Nature's like a photographer's canvas backdrop, lit up by the different types of electromagnetic radiation. Gamma radiation is the most powerful, strong enough to rip your double helix in two. Radio waves are at the low end. They're generally safe, and are almost omnipresent; we live in a sea of radio waves.
While much of the radio waves we're exposed to here on the surface of the Earth come from our own technology—AM/FM radios, WiFi, GPS signals and the like—there are also natural sources. The Universe is bathed in radio waves emitted by things like quasars, active galactic nuclei, supernova remnants, and even planets like Jupiter, which emits more radio waves than the Sun.
Observing radio waves benefits astronomers in several waves. Since radio waves have the longest wavelengths, they pass through dust and gas clouds that block other types of radiation. They can be observed in any weather at all times of the day or night. They reveal different types of physics, and can be observed with interferometers to create high-resolution images. They're particularly useful when it comes to imaging young stars and the planets forming around them, hidden from view in other wavelengths by thick dust.
Australian scientists used radio telescopes to conduct an extensive survey of the Milky Way. It took over 18 months to run and required more than 40,000 hours of supercomputer time to build the observations into one massive image of our galaxy. Different radio wavelengths were mapped to an RGB scheme to make it viewable by human eyes.

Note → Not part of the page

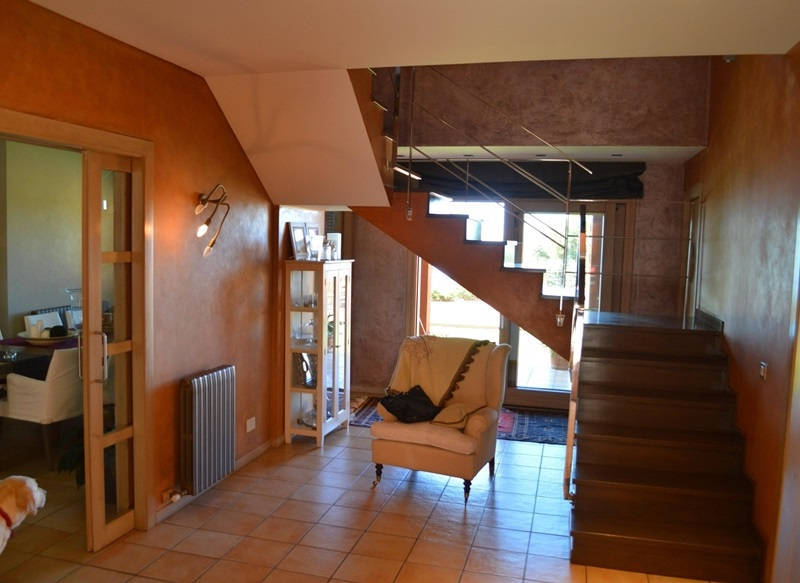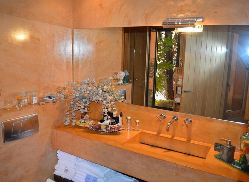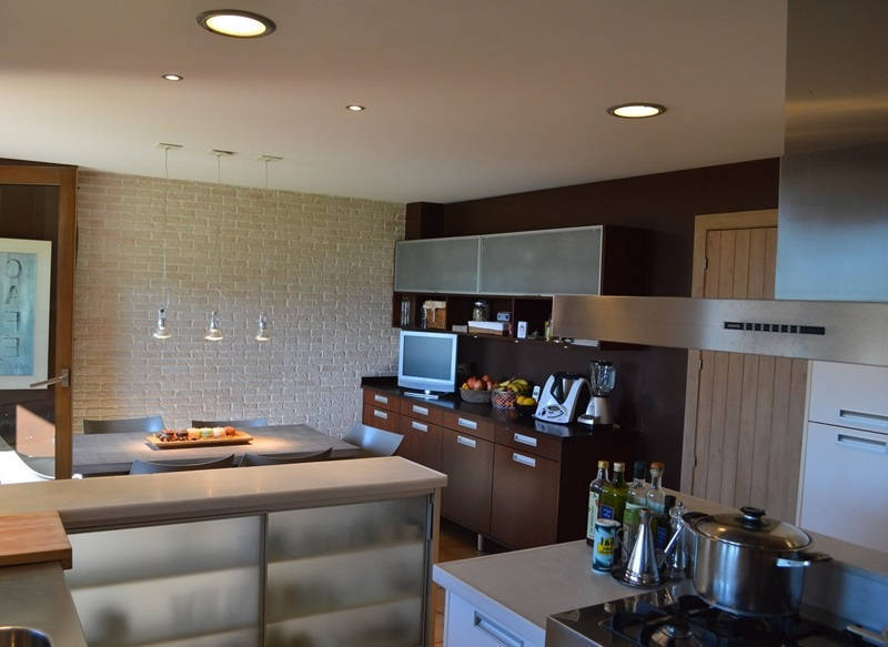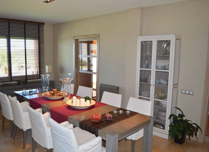 Просторная гостиная со столовой и выходом на террасу и в сад к переливному бассейну 12х4, оборудованная и полностью экипированная кухня с островом, три супружеские спальни с ванными комнатами, ещё одна спальня, ванная комната и кабинет, прачечная.

The results are in a new paper titled "GaLactic and extragalactic all-sky Murchison Widefield Array survey eXtended (GLEAM-X) III: Galactic plane." It's published in the Publications of the Astronomical Society of Australia. The lead author is Silvia Mantovanini, a PhD student at Australia's Curtin University.

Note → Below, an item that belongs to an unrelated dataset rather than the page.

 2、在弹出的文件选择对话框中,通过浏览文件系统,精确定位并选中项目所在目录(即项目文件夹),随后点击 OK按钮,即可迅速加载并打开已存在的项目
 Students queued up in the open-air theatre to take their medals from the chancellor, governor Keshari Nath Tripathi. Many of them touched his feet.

“This low-frequency image allows us to unveil large astrophysical structures in our Galaxy that are difficult to image at higher frequencies.” - Natasha Hurley-Walker, Principal Investigator for GLEAM-X.

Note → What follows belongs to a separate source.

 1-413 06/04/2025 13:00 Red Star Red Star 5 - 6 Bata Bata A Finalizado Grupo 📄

The new image is a successor to a previous image released in 2019. While that image came from GLEAM, the GaLactic and Extragalactic All-sky MWA survey, the new one comes from GLEAM-X, the GLEAM eXtended survey. The 2019 image was extragalactic, while the new one focuses on the Milky Way. It also boasts twice the resolution as the previous image, covers twice as much sky, and is ten times more sensitive. The image is a comprehensive view of the Milky Way, and its data will find its way into new research on multiple subjects.
“This vibrant image delivers an unparalleled perspective of our Galaxy at low radio frequencies,” said lead author Mantovanini in a press release. “It provides valuable insights into the evolution of stars, including their formation in various regions of the Galaxy, how they interact with other celestial objects, and ultimately their demise.”
Supernova remnants (SNR) are one type of radio wave emitters, along with emissions in other wavelengths. Mantovanini is particularly interested in SNR and this image will advance both the effort to find more of them and the effort to study them. Hundreds have been found, and astronomers know there must be many more.
But they can be difficult to detect. They resemble different objects like other shells carved out by stellar winds, and even other overlapping, random structures. Finding and studying SNR is important, because they "offer key insights into the life cycle and evolution of stars in our Galaxy," as the authors write in their research.
In their paper, the researcher say they expect to find another 2,000 SNR along the galactic plane. "... we are confident this data release will help find more faint and old elements of the SNR population, helping to fill the current gap," the authors write.
One critical aspect of the new image is that it allows astronomers to discern young stars from SNR, which are both surrounded by gas.
“You can clearly identify remnants of exploded stars, represented by large red circles. The smaller blue regions indicate stellar nurseries where new stars are actively forming,” Mantovanini said.
In some ways, our home galaxy is more difficult to study than other galaxies. While astronomers successfully study other galaxies at extreme distances, we're stuck inside our own galaxy and that presents particular problems. Peering into the galactic center is difficult because we're inside the disk, and extreme concentrations of dust and stars foul our view.
Associate Professor Natasha Hurley-Walker from the same ICRAR team is the principal investigator of the GLEAM-X survey. Hurley-Walker says that the new image will help astronomer make progress in understanding the Milky Way's structure.
“This low-frequency image allows us to unveil large astrophysical structures in our Galaxy that are difficult to image at higher frequencies,” Hurley-Walker said. “No low-frequency radio image of the entire Southern Galactic Plane has been published before, making this an exciting milestone in astronomy.”
This new image won't be the most sensitive and detailed for long. A global collaboration is building the Square Kilometre Array Observatory (SKAO), a powerful radio interferometer that will provide the highest-resolution images in all of astronomy.
“Only the world’s largest radio telescope, the SKA Observatory’s SKA-Low telescope, set to be completed in the next decade on Wajarri Yamaji Country in Western Australia, will have the capacity to surpass this image in terms of sensitivity and resolution,” said Associate Professor Hurley-Walker.